Using whitespace and punctuation as delimiters: This method splits the text into tokens based on spaces and punctuation marks.
Using regular expressions: This method uses a regular expression to define a pattern for tokenizing text.
Using pre-trained tokenizers: There are many pre-trained tokenizers available in different NLP libraries such as NLTK, spaCy and nltk word_tokenize,spacy tokenizer
Using the Treebank tokenizer: This tokenizer is based on the Penn Treebank Project, which uses a set of rules to tokenize text in a way that is similar to how humans would tokenize it.
Using BPE tokenizer : Byte pair encoding tokenizer used for sub-word tokenization.

Code —

from nltk.tokenize import word_tokenize
 
text = "Today is a beautiful day"
t = word_tokenize(text)
 
print(t)

Output —

["Today", "is", "a", "beautiful", "day"]

Stemming

It’s a technique to get to the root form of a word by removing the prefix and suffix of a word.

There are different algorithms for stemming, the most common of which are the Porter stemmer and the Snowball stemmer. The Porter stemmer uses a set of heuristic rules to remove common suffixes from words, such as “ing,” “ed,” and “s.” The Snowball stemmer is based on the Porter stemmer but also supports other languages and has additional features.
Stemming can be useful in NLP tasks such as text classification, information retrieval, and language modeling. By reducing words to their base form, stemming can help to reduce the dimensionality of the text data and make it more manageable. However, it is important to note that stemming can also lead to information loss and errors, as different words may have the same stem but different meanings.
In addition to stemming, there is another technique called Lemmatization which aims to obtain the root word of the token but unlike stemming it uses a dictionary or a morphological analyzer to obtain the root word, this way it is more accurate and less aggressive than stemming.

Code —

from nltk.stem import PorterStemmer
 
tokenized = ["booking", "studying", "jumping"]
 
stemmer = PorterStemmer()
s = [stemmer.stem(token) for token in tokenized]

Output —

['book','studi','jump]

Lemmatization

Another text preprocessing technique using which we reduce the words down to their root forms.
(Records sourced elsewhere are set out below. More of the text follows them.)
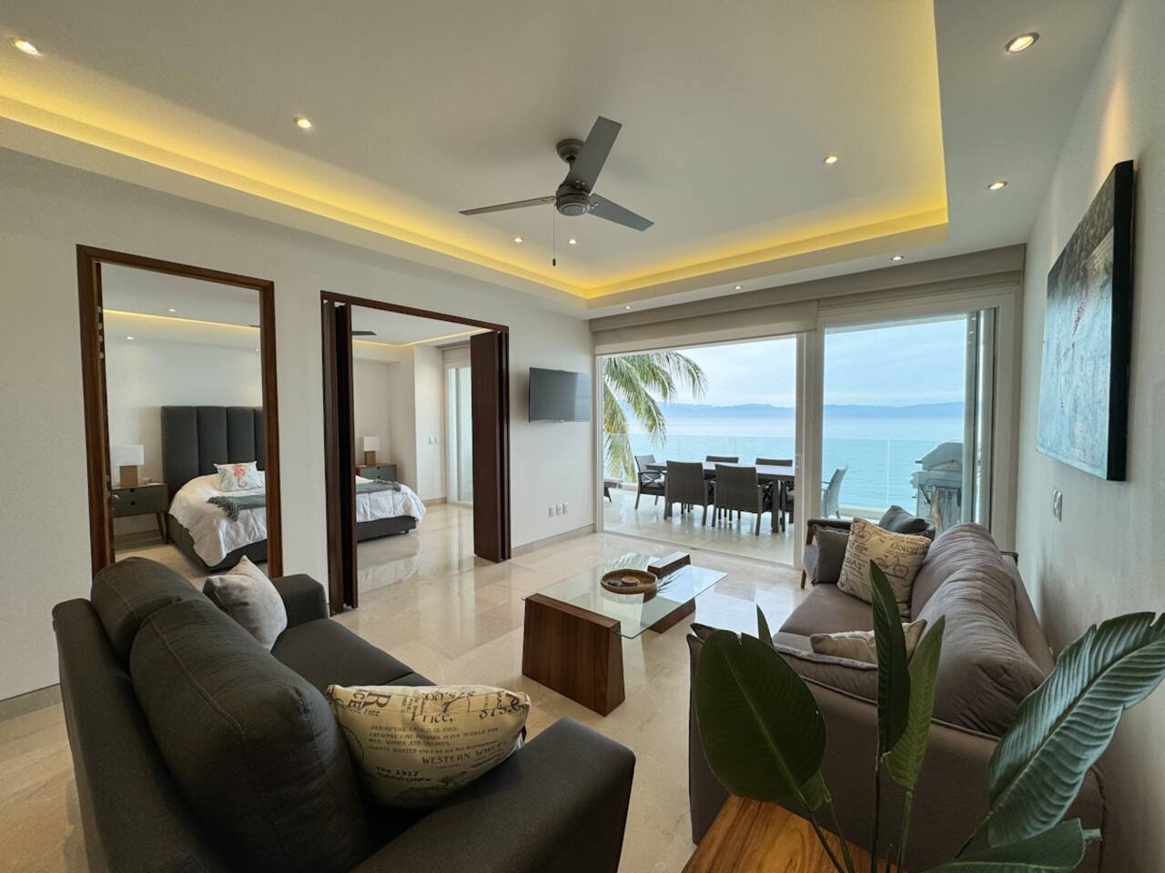 Oceanfront escape with unbeatable views! This stylish 2-bedroom, 2.5-bath condo in Bucerías offers direct beach access, a spacious terrace with BBQ, and access to 2 pools and a gym — everything you need for the perfect getaway.
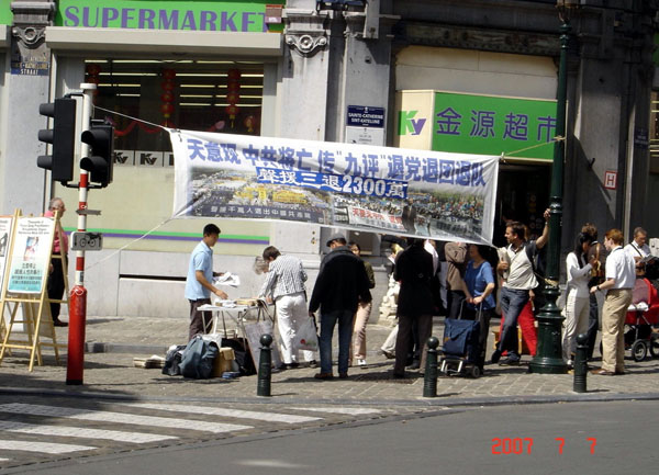 法轮功学员在比利时布鲁塞尔中国城揭露中共残酷迫害并声援三退2007-7-7
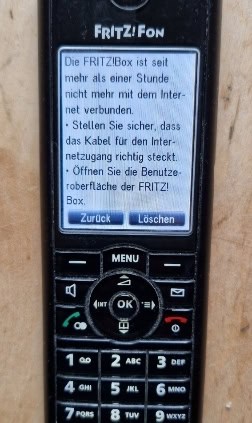 Jetzt suchte der Netzanbieter nach dem Fehler. Er hat gefunden. Irgendwo zwischen Aufkirch und der Langgasse lief in eine Muffe Wasser (was immer das genau bedeutet). 2-3 Tage soll es dauern, bis der Fehler behoben ist. Beim letzten Mal wurden daraus über 3 Wochen.
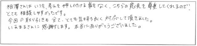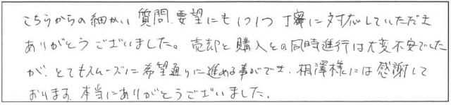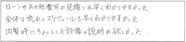 住宅ローンの手続きも全面的にご協力いただき、滞りなく進めることが出来ました。
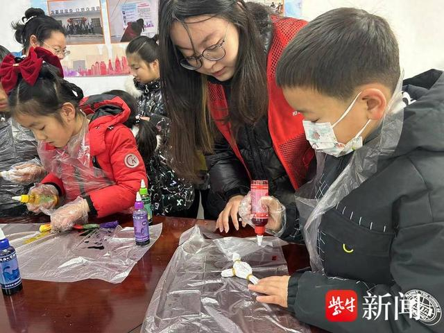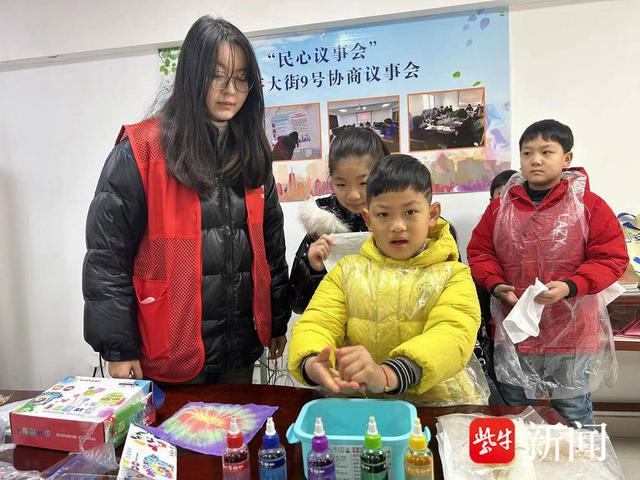 孩子们在志愿者的指导下,开启了扎染的创作之旅。在装有水的容器里把扎染小方巾浸湿再拧干;接着把材料做成想要的图案,用皮筋固定好造型;戴上手套,用染料滴入扎染衣物上,用吸管增加创意效果,最后,放入密封袋子里面静等30分钟。
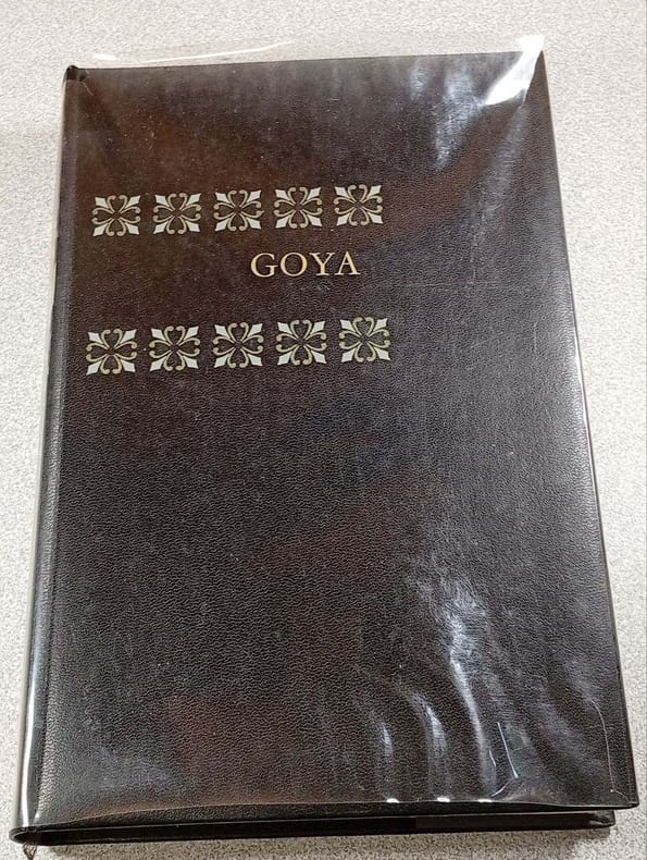 Los Proverbios de Goya. Publicala la Real Academia de Nobles Artes de San Fernando, Madrid, 1891. Album in-folio comprenant un titre et la suite complète de 18 eaux-fortes publiées sous le titre « Los Proverbios » mais dont le titre prévu par Goya était « Disparates » (Extravagances). Brochure verte de l’époque défraichie. 315 mm x 490 mm.
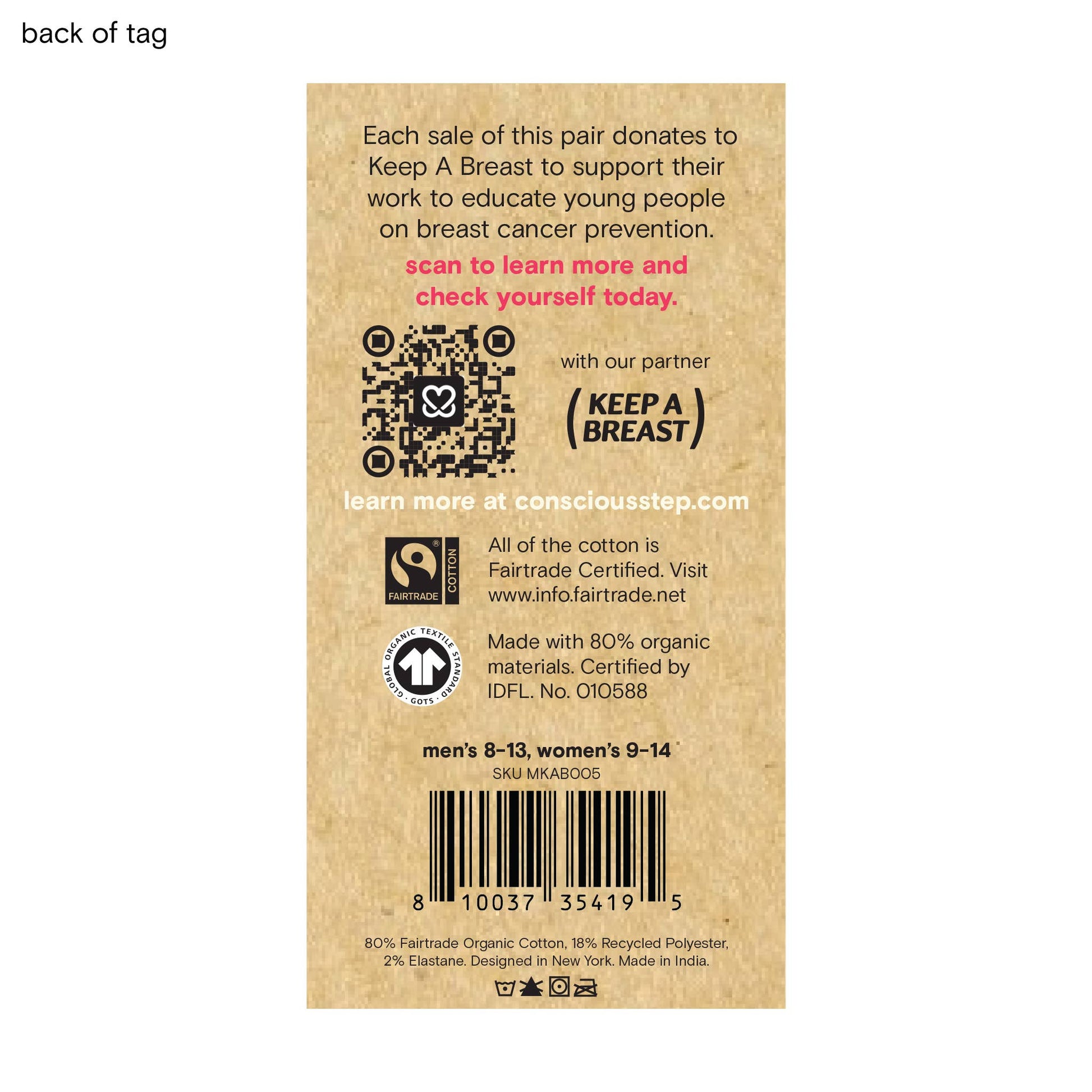 No matter the shape, size, or if you have one, two, or none at all, your boobies are unique and perfect as they are! While no two are the same, they all deserve the same level of love and care. Self-exams are a form of self care that is crucial to early breast cancer detection, so each pair of these socks that support self-checks donates to Keep A Breast to support their work educating young people on breast cancer prevention.
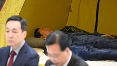 [아이뉴스24 곽영래 기자]송언석 국민의힘 원내대표가 22일 서울 여의도 국회 로텐더홀 단식 농성장에 마련된 텐트 안에서 통일- 5시간전
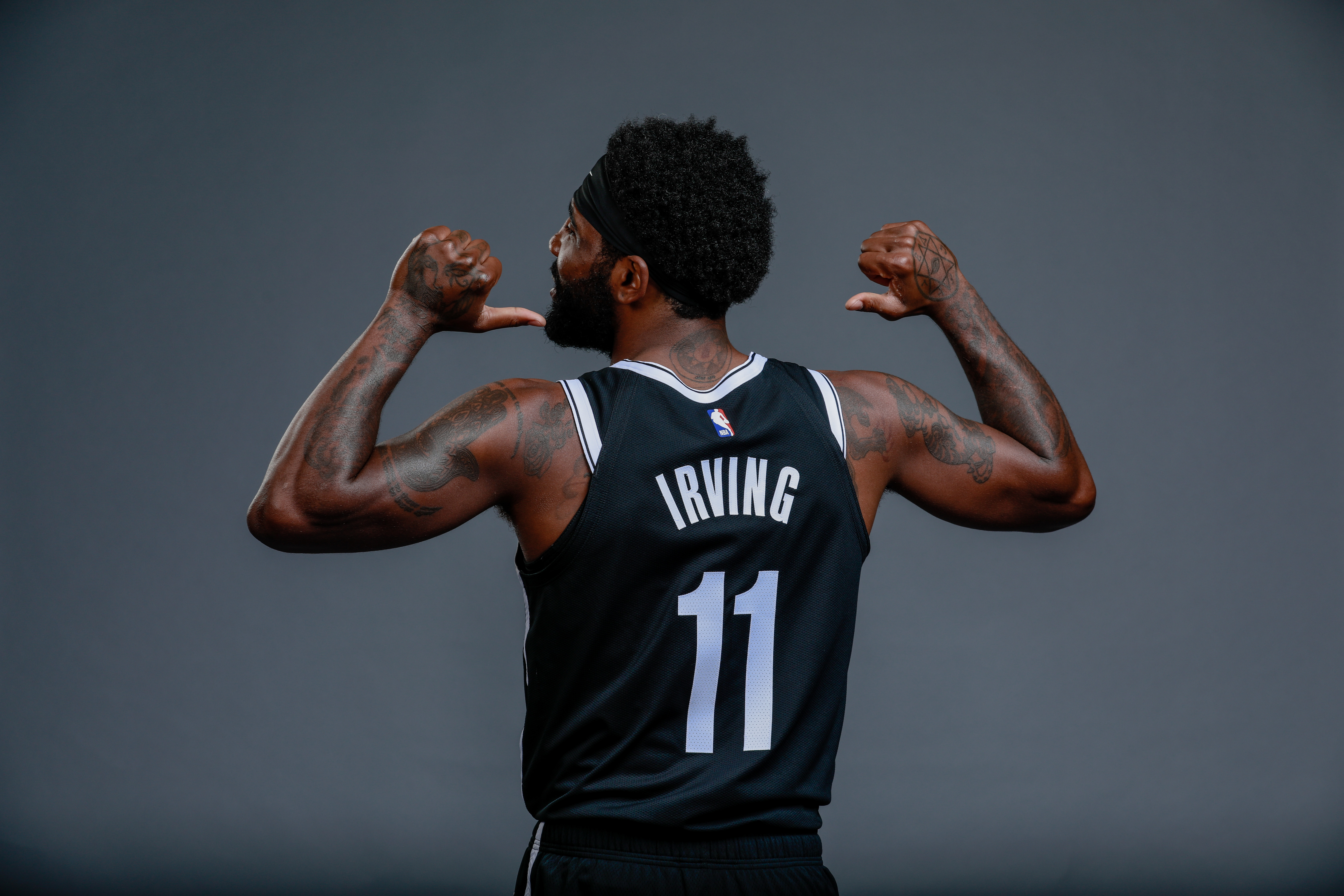 Sep 27, 2019; Brooklyn, NY, USA; Brooklyn Nets guard Kyrie Irving (11) poses for a portrait during media day at HSS Training Center. Mandatory Credit: Nicole Sweet-USA TODAY Sports / Nicole Sweet
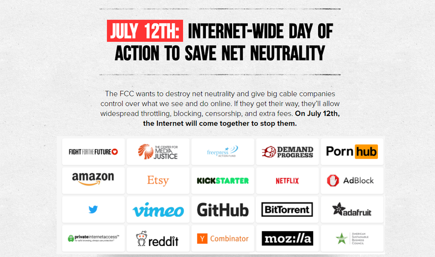 Segundo a petição online ”July 12th: internet-wide day of action to save net neutrality”, a FCC quer destruir a neutralidade existente e dar a grandes empresas de cabo o controlo sobre o que vemos e fazemos na internet.

The process of lemmatization, similar to stemming, reduces the inflected words to their word stem, base or root form, which is called the root word, but unlike stemming, it makes sure that the root word is a real word in the language, known as a lemma.
The process of lemmatization typically uses a dictionary-based approach, where words are looked up in a dictionary and replaced with their corresponding lemma. The lemma of a word is the base form of the word, which can be found by removing inflectional endings and by bringing the word to its normal form. The lemma of the word “running” would be “run”.
Lemmatization can be useful in NLP tasks such as text classification, information retrieval, and machine translation, where it is important to reduce the dimensionality of the data by mapping different forms of a word to a common base form. It can also improve the performance of text-based models such as language models, by reducing the number of unique words in the vocabulary and making the model more robust to inflected forms of words.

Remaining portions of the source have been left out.